SOURCE DATA ::
------------------------

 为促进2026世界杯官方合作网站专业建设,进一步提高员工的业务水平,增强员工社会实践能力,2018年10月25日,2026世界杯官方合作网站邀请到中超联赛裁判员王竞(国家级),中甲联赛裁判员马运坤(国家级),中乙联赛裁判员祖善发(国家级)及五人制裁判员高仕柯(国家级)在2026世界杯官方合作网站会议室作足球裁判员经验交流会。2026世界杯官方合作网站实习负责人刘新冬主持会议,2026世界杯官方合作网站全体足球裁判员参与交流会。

------------------------

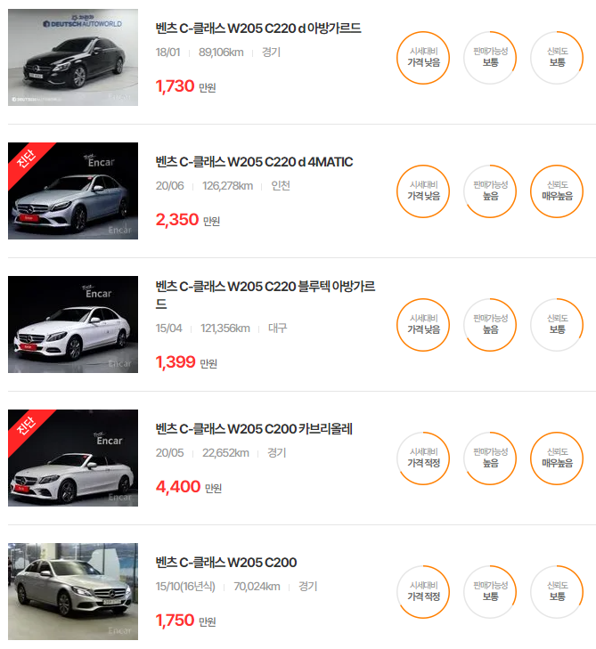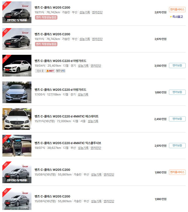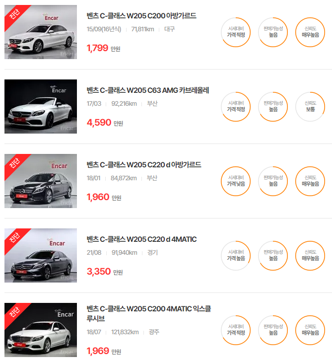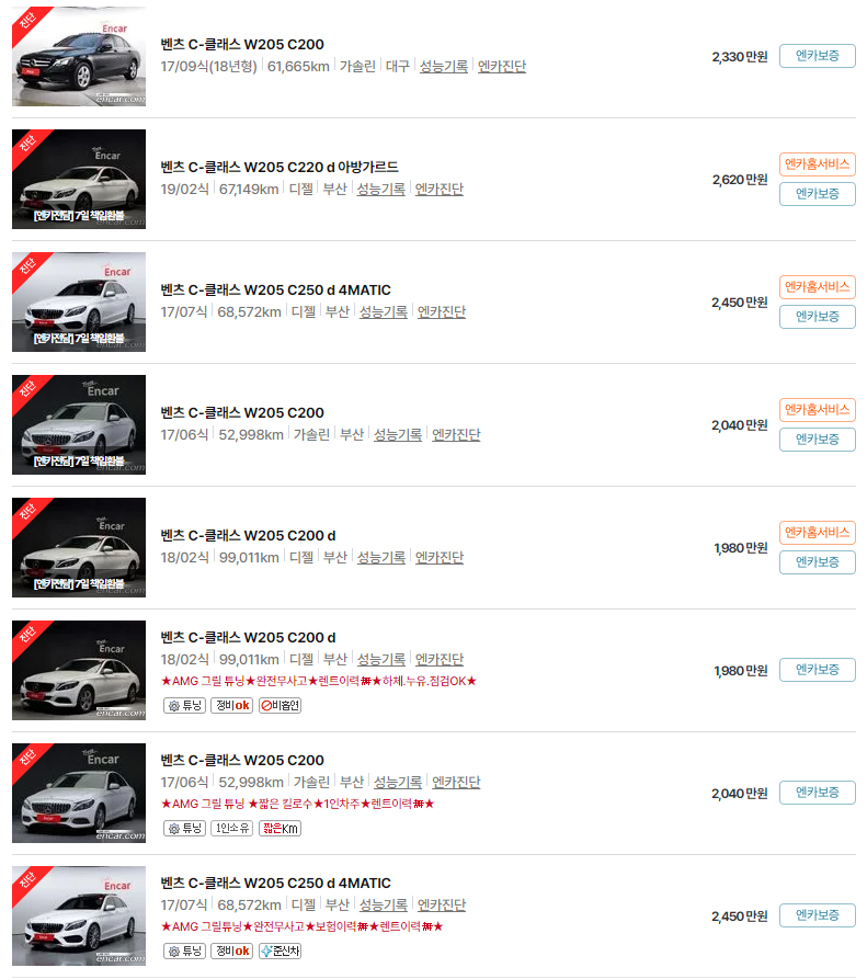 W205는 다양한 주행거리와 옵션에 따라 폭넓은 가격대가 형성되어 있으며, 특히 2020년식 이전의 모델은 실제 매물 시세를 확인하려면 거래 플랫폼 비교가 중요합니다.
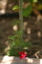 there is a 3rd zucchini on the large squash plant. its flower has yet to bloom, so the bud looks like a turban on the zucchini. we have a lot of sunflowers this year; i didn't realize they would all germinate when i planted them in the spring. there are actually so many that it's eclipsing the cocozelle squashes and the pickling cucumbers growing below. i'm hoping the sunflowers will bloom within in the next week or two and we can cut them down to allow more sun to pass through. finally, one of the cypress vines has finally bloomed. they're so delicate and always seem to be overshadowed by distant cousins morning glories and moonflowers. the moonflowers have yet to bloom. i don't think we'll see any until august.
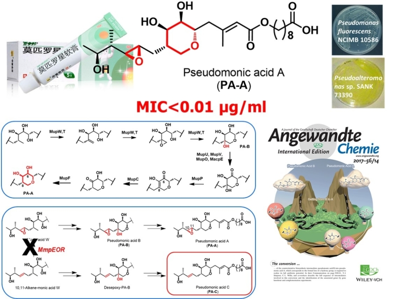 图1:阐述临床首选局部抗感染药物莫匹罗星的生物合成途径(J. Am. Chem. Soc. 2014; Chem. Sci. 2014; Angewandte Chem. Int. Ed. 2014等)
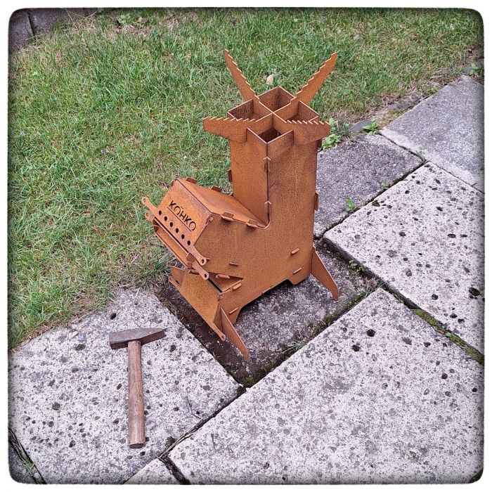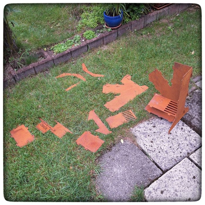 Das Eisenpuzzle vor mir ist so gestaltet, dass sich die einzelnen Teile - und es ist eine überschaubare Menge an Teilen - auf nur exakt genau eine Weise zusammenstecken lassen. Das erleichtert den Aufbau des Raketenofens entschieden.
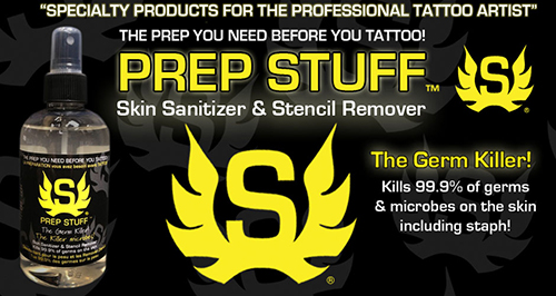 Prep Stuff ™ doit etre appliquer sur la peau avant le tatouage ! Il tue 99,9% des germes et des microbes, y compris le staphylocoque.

------------------------

Although pictures appear among the records above, none are to be output; print exactly the lines from the line containing "图1:阐述临床首选局部抗感染药物莫匹罗星的生物合成途径(J. Am. Chem." through the line containing "Prep Stuff ™".

EXERCISE RESULT ::
 图1:阐述临床首选局部抗感染药物莫匹罗星的生物合成途径(J. Am. Chem. Soc. 2014; Chem. Sci. 2014; Angewandte Chem. Int. Ed. 2014等)
 Das Eisenpuzzle vor mir ist so gestaltet, dass sich die einzelnen Teile - und es ist eine überschaubare Menge an Teilen - auf nur exakt genau eine Weise zusammenstecken lassen. Das erleichtert den Aufbau des Raketenofens entschieden.
 Prep Stuff ™ doit etre appliquer sur la peau avant le tatouage ! Il tue 99,9% des germes et des microbes, y compris le staphylocoque.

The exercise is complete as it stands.